Intent on the win, Henninger had charged at the challenge. “I started way too fast. It was so humid – I was sweaty, hot, and wet from mile two onwards. I was pretty jazzed and felt good until mile 35, then it was a shuffle toward the finish.” Henninger sensed this clockwise course was tougher as it involved more miles of climbing than the other version.

The race also includes a relay event, but the 50-miler tends to lure out a number of local runners like Doug Schunk, who got into running as a way to stay active and live a healthy lifestyle. “It helped me lose weight and become healthier compared to where I was a few years ago. I decided to take on the Mountainback because I could sleep in my own bed the night before. I’m not a fan of trails so running the roads around Rothrock was ideal, and with aid stations every 3-5 miles I didn’t have to carry a hydration pack.” Schunk also liked the interplay with the relay event. “It was nice to have relay teams drive past and cheer us on.”

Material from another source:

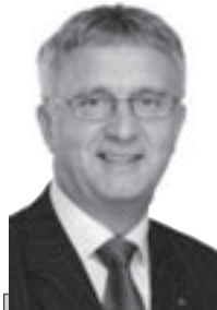
VÄINO LINDE, riigikogu põhiseaduskomisjoni esimees, Reformierakond

Praeguse töölepinguseaduse suurimaks puuduseks tuleb pidada liiga jäika töösuhete formaalse külje ettekirjutamist. Seevastu töötamist üldiselt reguleerivatest printsiipidest räägitakse vähe. Näiteks on kehtestatud töölepingu kirjalku vormistamise nõue. See on üldse eelduseks, et leping kehtiks. Tegelikult on ju tööleping vaid alus töötegemiseks ja nii töötajad kui tööandjad peaksid ühiselt olema huvitatud, et selle sõlmimine oleks lihtne ja vajadusel tagantjärele kergesti tõendatav. Olgu kas või vastastikuse meili- või kirjavahetuse kaudu. Seevastu konkreetsetes töötingimustes peaksid olema töötajale alati kirjalikult esi-

Local runner David DeGroote has run the 50 miles counterclockwise before, but turning 60 this year he opted to cover 60 miles to raise funds for Parkinson’s research. He put in the first ten before the start. “Can’t sleep… can’t stop moving!” reported a smiling DeGroote afterward.

The Tussey mOUnTaiNBACK is always in October, but the race date migrates to a Sunday that isn’t on a home football weekend for nearby Penn State, and runners can find affordable lodging. Next year’s race will take place on October 27, 2019. Just for the hill of it!